The group did its homework, contacting a dozen private clubs in the San Diego area. Most had some kind of privilege for single members. Bernardo Heights Country Club had nothing.
The group submitted yet another letter to the board, but in 1998 the proposal was rejected by the club’s long-range planning committee. Koebke and French pressed on, arguing their case before the Bernardo Heights board. The board was unmoved. It offered French her own membership. But that meant a second initiation fee, then about $25,000, plus $450 in monthly dues and would have French and Koebke paying twice what married couples pay. The couple’s attorney, Paul Kondrick, sent the board a copy of a draft complaint, still seeking to settle out of court. “We couldn’t meet their requirement to be married under California law,” Koebke says, “but we would have settled for guest passes instead of a lawsuit.”
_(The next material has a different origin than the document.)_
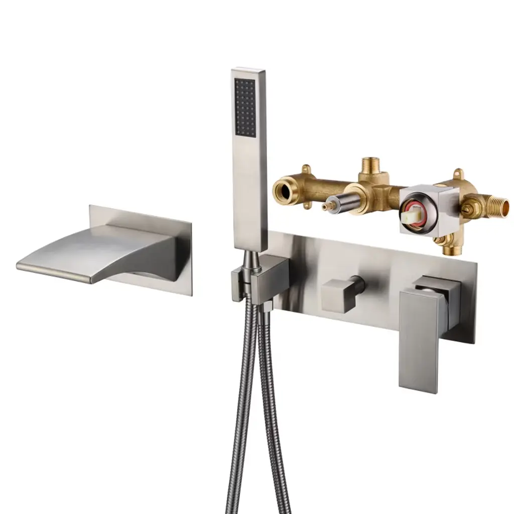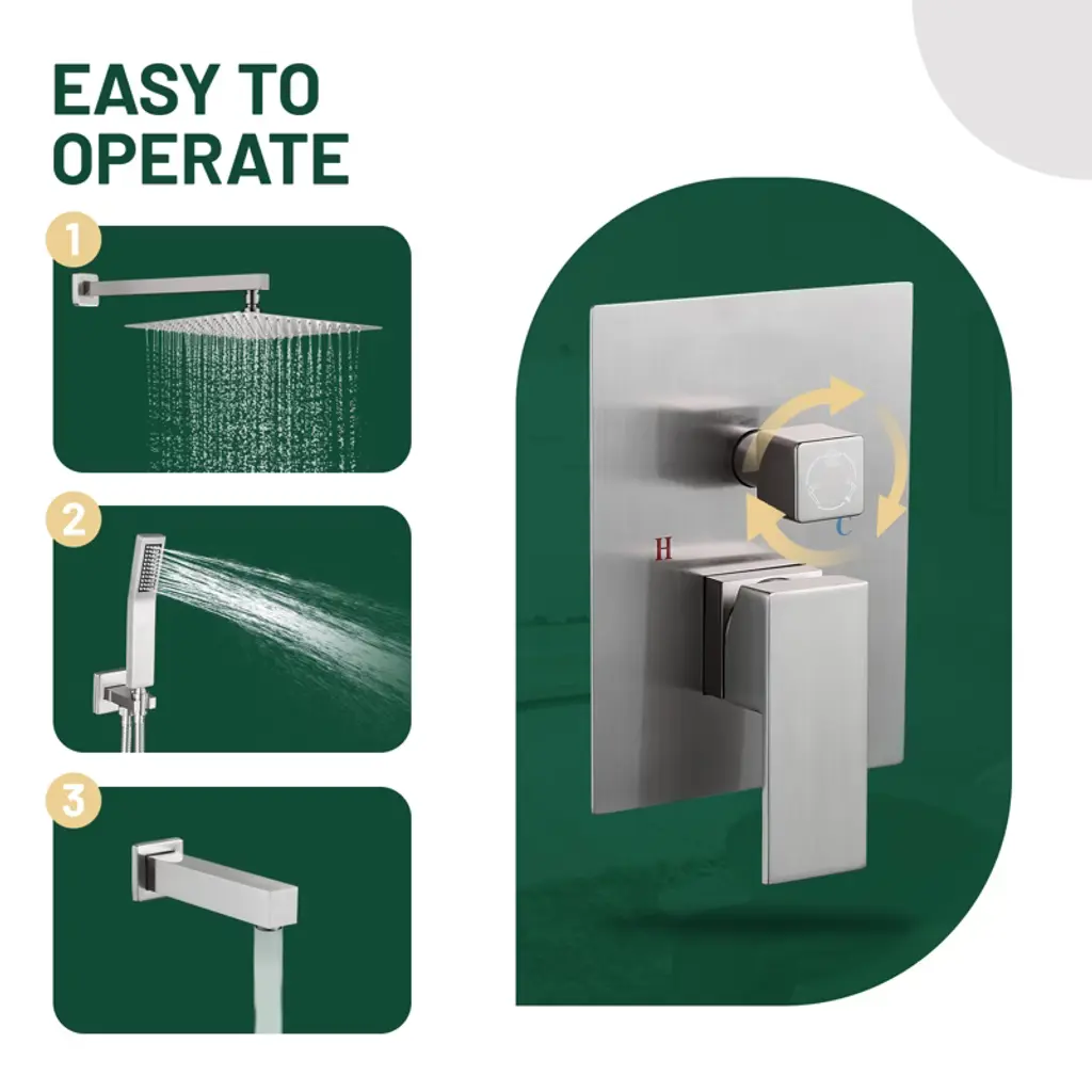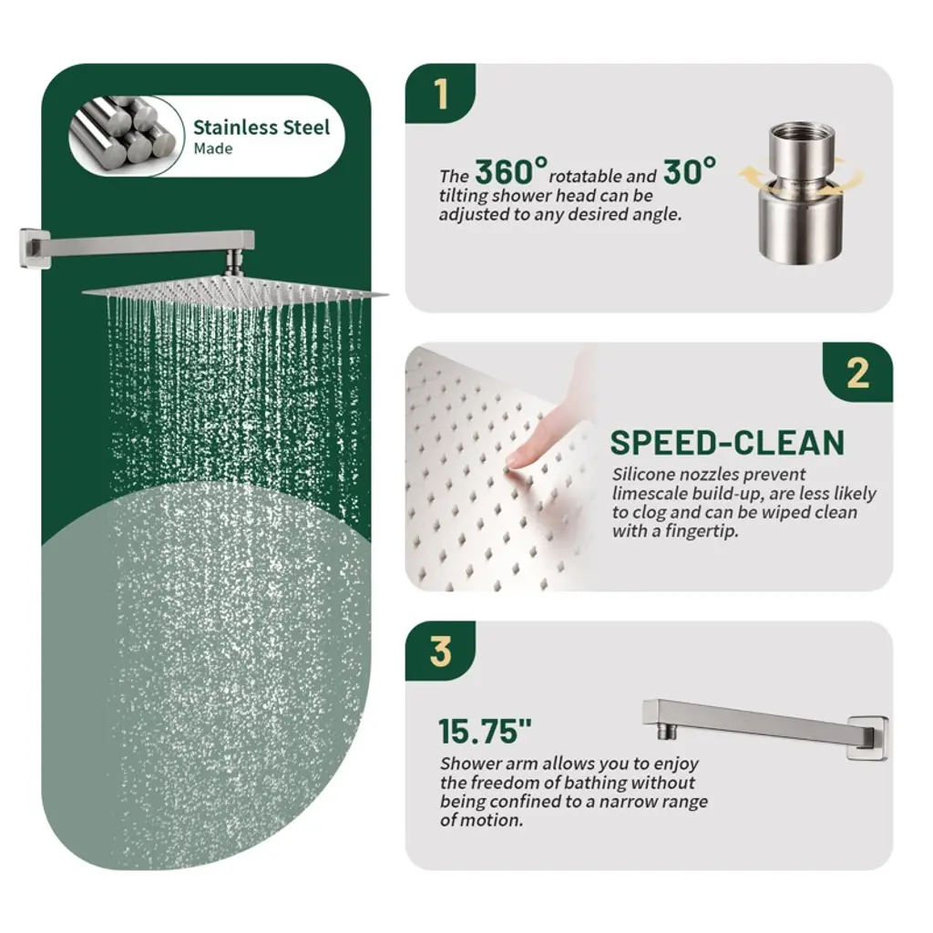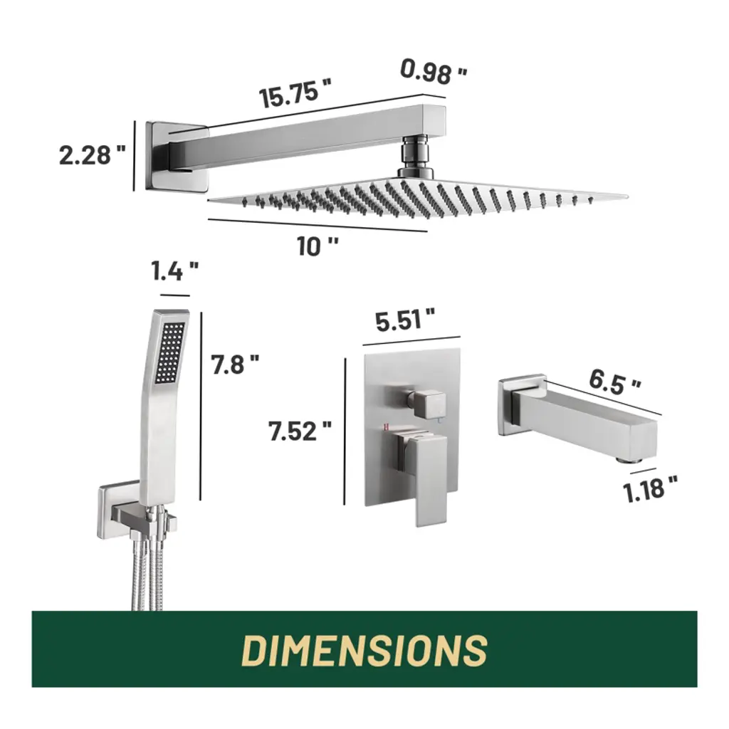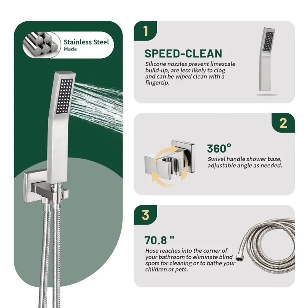 Our shower system has a modern feel that will match most bathroom decorating style. Made from 304 stainless steel and solid brass, this shower mixer is rust-resistant and durable to ensure long-lasting use. The shower head and handle showerhead are fitted with silicone nozzles that wipe away deposited minerals with a simple swipe of your finger, giving the product an instant new look. A pressure-balancing valve monitors water pressure balance, and the 70.8-inch hose reaches into the corners of your bathroom to eliminate cleaning blind spots. Backed by a two-year warranty for added peace of mind. Upgrade your shower with this shower system and enjoy a luxurious and invigorating shower experience every day.

From the outset, Koebke says she met opposition from some of the club’s officers and from Tom Monson, a member who serves as the club’s counsel and is assisting in the case. Monson, who plays golf at Bernardo Heights with his wife and four children, declined to be interviewed for this article. “I went up to him on the putting green about seven years ago,” Koebke says, “and I said, `Tom, how is this fair? You have six people playing under your membership. Why can’t you let the singles and widows have some added benefits?'”
Monson’s legal opinion on the lawsuit came to symbolize the club’s position: The board favors legal marriage between members of the opposite sex. It does so, Monson told the membership, because the club is “a family-oriented organization.” His letter, dated May 16, 2001–five days after the lawsuit was filed against the club–was sent to all members except Koebke.
In July 2002, on a summary-judgment motion, Superior Court Judge Charles R. Hayes found for the club. In a short opinion, he said the club “did not provide different privileges to the plaintiffs than to other unmarried couples.”
In taking the women’s appeal, Lambda’s Davidson says the case is important because it will ask if the state’s Unruh Civil Rights Act, which bars discrimination of any type in business, applies in a case that centers on marital status and sexual orientation. Bernardo Heights Country Club, Davidson says, conducts outside business–weddings and other gatherings–that make it more public than private. Thirteen states have some form of domestic-partnership law. California permits the transfer of property from one partner to another, even without a will, but under Bernardo Heights Country Club bylaws, French cannot inherit Koebke’s equity share in the club.
The case is likely to take at least 18 months before an appeals court rules. Efforts to settle it have failed. Koebke’s latest foursome at Bernardo, two men and a woman, continued to play with her, but eventually each, for personal reasons, resigned from the club. She was now alone.
“We draw strength both from gay and straight friends,” French says. “It is our straight friends who have offered the most support. They listen to our story and say, `You’ve got to be kidding. Fight on.’ “
They will, they say, in a case that may redefine rights at country clubs.